AVAILABLE DATA »

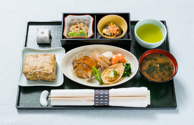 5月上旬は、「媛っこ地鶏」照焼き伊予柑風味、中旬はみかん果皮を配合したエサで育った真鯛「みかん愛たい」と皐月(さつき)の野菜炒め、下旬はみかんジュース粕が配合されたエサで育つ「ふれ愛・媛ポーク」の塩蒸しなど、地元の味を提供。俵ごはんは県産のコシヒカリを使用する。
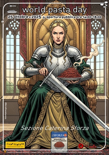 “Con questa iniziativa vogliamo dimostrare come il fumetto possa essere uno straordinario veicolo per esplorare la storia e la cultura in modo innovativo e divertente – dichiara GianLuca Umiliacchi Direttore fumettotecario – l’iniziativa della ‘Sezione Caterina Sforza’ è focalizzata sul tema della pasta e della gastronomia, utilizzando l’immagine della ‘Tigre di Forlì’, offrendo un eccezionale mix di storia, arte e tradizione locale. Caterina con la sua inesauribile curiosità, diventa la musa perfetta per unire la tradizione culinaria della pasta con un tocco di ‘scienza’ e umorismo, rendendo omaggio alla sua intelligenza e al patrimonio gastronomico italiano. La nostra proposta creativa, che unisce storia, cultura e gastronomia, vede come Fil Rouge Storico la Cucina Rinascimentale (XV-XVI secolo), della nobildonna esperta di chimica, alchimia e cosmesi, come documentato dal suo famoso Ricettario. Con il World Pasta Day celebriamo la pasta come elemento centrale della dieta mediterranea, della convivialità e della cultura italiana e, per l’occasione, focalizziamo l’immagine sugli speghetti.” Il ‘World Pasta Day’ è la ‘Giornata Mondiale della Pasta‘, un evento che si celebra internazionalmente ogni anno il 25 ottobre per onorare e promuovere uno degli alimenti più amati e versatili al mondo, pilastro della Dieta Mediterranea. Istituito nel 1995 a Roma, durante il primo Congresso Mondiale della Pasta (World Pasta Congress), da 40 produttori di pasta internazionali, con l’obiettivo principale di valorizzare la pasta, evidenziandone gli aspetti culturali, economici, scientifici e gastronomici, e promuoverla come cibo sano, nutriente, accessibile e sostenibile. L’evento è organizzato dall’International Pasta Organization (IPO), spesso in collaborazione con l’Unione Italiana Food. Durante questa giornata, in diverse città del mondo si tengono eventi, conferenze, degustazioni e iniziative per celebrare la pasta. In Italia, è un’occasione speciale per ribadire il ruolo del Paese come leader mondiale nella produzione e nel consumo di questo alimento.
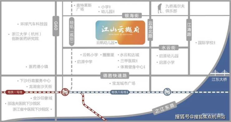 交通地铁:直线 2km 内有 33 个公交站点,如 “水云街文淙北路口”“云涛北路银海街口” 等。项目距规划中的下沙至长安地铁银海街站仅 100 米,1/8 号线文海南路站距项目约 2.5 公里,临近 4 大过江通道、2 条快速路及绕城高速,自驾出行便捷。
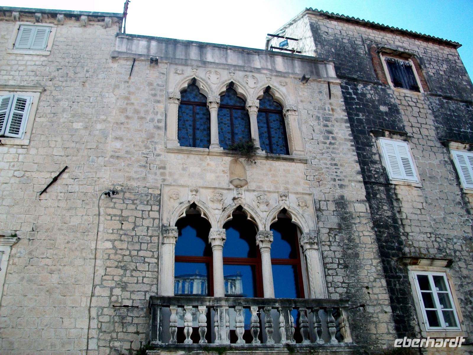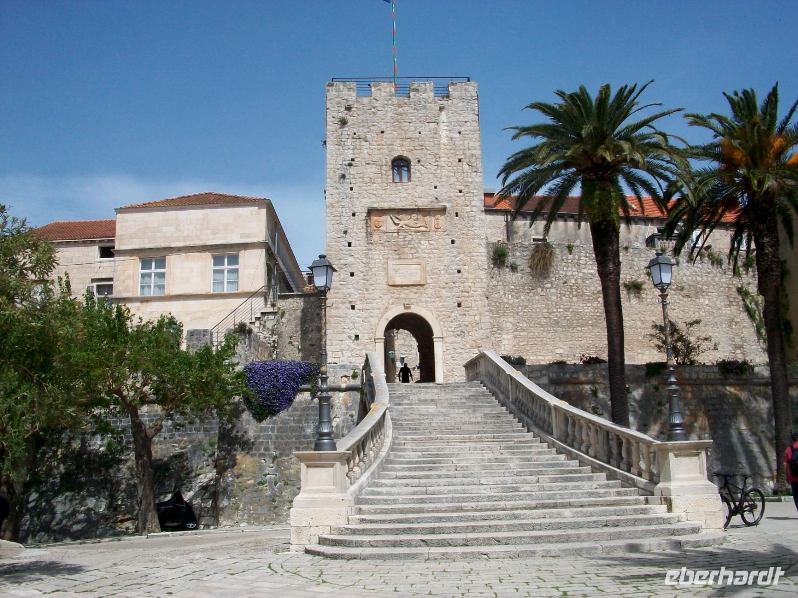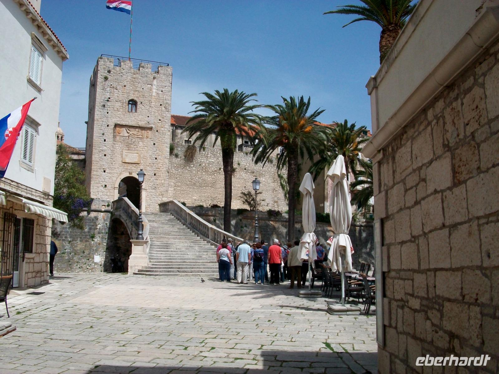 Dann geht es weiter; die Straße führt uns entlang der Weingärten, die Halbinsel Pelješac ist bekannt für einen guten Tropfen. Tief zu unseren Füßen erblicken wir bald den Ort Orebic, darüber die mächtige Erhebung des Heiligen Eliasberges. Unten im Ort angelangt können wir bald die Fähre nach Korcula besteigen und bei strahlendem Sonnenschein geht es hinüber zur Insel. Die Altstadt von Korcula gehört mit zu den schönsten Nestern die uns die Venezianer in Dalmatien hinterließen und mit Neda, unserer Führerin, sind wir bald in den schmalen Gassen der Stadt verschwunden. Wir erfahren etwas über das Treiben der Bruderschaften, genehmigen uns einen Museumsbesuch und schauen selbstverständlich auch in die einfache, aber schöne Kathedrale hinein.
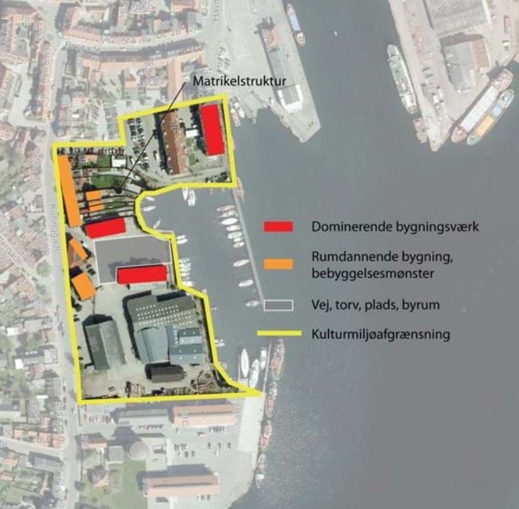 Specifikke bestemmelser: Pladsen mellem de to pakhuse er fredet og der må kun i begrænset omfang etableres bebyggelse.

WHAT TO WORK ON »
Find the line with "交通地铁:直线 2km 内有" in the listing above, then write it out along with every later line through the last one, exactly, omitting pictures.

THE COMPLETED TASK »
 交通地铁:直线 2km 内有 33 个公交站点,如 “水云街文淙北路口”“云涛北路银海街口” 等。项目距规划中的下沙至长安地铁银海街站仅 100 米,1/8 号线文海南路站距项目约 2.5 公里,临近 4 大过江通道、2 条快速路及绕城高速,自驾出行便捷。
 Dann geht es weiter; die Straße führt uns entlang der Weingärten, die Halbinsel Pelješac ist bekannt für einen guten Tropfen. Tief zu unseren Füßen erblicken wir bald den Ort Orebic, darüber die mächtige Erhebung des Heiligen Eliasberges. Unten im Ort angelangt können wir bald die Fähre nach Korcula besteigen und bei strahlendem Sonnenschein geht es hinüber zur Insel. Die Altstadt von Korcula gehört mit zu den schönsten Nestern die uns die Venezianer in Dalmatien hinterließen und mit Neda, unserer Führerin, sind wir bald in den schmalen Gassen der Stadt verschwunden. Wir erfahren etwas über das Treiben der Bruderschaften, genehmigen uns einen Museumsbesuch und schauen selbstverständlich auch in die einfache, aber schöne Kathedrale hinein.
 Specifikke bestemmelser: Pladsen mellem de to pakhuse er fredet og der må kun i begrænset omfang etableres bebyggelse.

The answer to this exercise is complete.